If you have ever spent time in a doctor’s office or emergency room, you know that wait times can be quite lengthy. Once you finally get to an examination room, there is often another long wait. Then, the doctor rushes in, asks a few questions, and then leaves. This scenario is quite common.

In fact, recent studies show that doctors-in-training are spending shorter amounts of time with their patients. Researchers examined the day-to-day lives of medical interns in multiple facilities over nearly 900 hours of work. They spent time observing doctors performing normal activities including:

  • Talking with and examining patients
  • Meeting with families
  • Attending educational seminars and conferences
  • Discussing treatment plans with other doctors
  • Eating, sleeping, and walking around the hospital

Researchers found that interns spent about 12 percent of their time—approximately 8 minutes per patient—interacting directly with patients. Several factors may explain why patient contact time is so limited. First, changes in electronic recordkeeping, force interns to spend nearly half of their time documenting case information. In addition, recent laws limit the number of hours a medical student can work on a weekly basis. Decreased patient care by medical students may also be due to increased patient loads, duties such as patient transport, note taking, and reading patient charts.

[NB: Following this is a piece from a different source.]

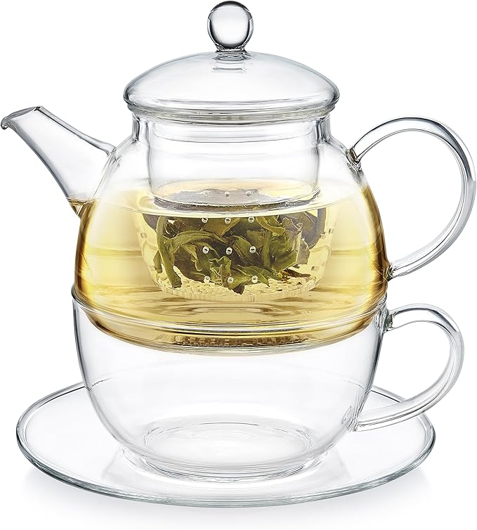 - Complete 5-Piece Collection – Includes glass teapot with lid, teacup, saucer, and two premium infusers for all varieties of tea.

Reduced face-to-face time with patients increases the risk of improper diagnoses, wrongfully prescribed prescriptions, and improper supervision from attending physicians. If you, or someone you love, suffered a medical error injury, a skilled and experienced Chicago medical malpractice attorney at Lane Brown can help you to understand if you have grounds to take legal action. Contact our law office today at 312-332-1400 to schedule a free case evaluation. We are standing by to help.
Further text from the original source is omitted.